- Specialty: Neurology
- Symptoms: Drowsiness, yawning, disinclination for work, lack of social participation, mood changes, apathy, sleep disturbances, other fatigue-related symptoms

= Sopite syndrome =

Fatigue and mood changes in response to prolonged periods of motion

The sopite syndrome (/soʊ-ˈpaɪt/; from Latin sopire 'to put to sleep') is a neurological disorder that relates symptoms of fatigue, drowsiness, and mood changes to prolonged periods of motion. The sopite syndrome has been attributed to motion-induced drowsiness such as that experienced by a baby when rocked. Researchers Ashton Graybiel and James Knepton at the US Naval Aerospace Medical Research Laboratory first used the term "the sopite syndrome" in 1976, to refer to the sometimes sole manifestation of motion sickness, though other researchers have referred to it as "Sopite syndrome."

==Signs and symptoms==
Several symptoms are associated with the sopite syndrome. Typical responses include:
- drowsiness
- yawning
- disinclination for work
- lack of social participation
- mood changes
- apathy
- sleep disturbances
- other fatigue-related symptoms

The sopite syndrome is distinguished from other manifestations of motion sickness (i.e. nausea, dizziness, etc.) in that it may occur before other symptoms of motion sickness or in their absence. The sopite syndrome may persist even after an individual has adapted to the other symptoms associated with motion-induced sickness.

===Severity===
The effects of the sopite syndrome may range from minor physical inconveniences to hazardous conditions. People who operate automobiles, airplanes, etc., may experience impaired motor function due to the motions of the vehicle. These impairments often result in a decreased attention span; those who consider themselves well-rested may still succumb to drowsiness at inopportune moments. The sopite syndrome may therefore contribute to motor vehicle accidents in which automobile operators fall asleep at the wheel. However, the sopite syndrome itself does not directly result in death.

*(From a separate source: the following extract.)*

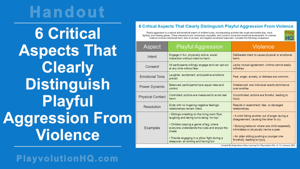 In contrast, violence involves intentional harm, a lack of mutual agreement, and negative emotional outcomes. By focusing on intent, consent, emotional tone, power dynamics, physical control, and resolution, this resource supports responsible adults in creating environments where children can safely explore boundaries, build relationships, grow through play, and identify when play shifts into harmful territory.

A subject experiencing the sopite syndrome on a frequent basis may increase the number of hours spent sleeping by fifty percent. A study of motion sickness occurrences in workers on an offshore oil vessel showed a large majority of participants experienced mild symptoms of fatigue. Many participants also experienced severe sleep disturbances. These symptoms were associated with impaired task performance.

==Causes==
The sopite syndrome has been associated with visually-induced and vestibular motion sickness. Other factors associated with drowsiness such as darkness or physical fatigue may intensify the effects of motion-induced sleepiness. The sopite syndrome may occur with little motional stimulus (though the greatest effects tend to be observed in subjects who have been exposed for longer periods of time), and often persists for a time after the motional stimulus has ceased.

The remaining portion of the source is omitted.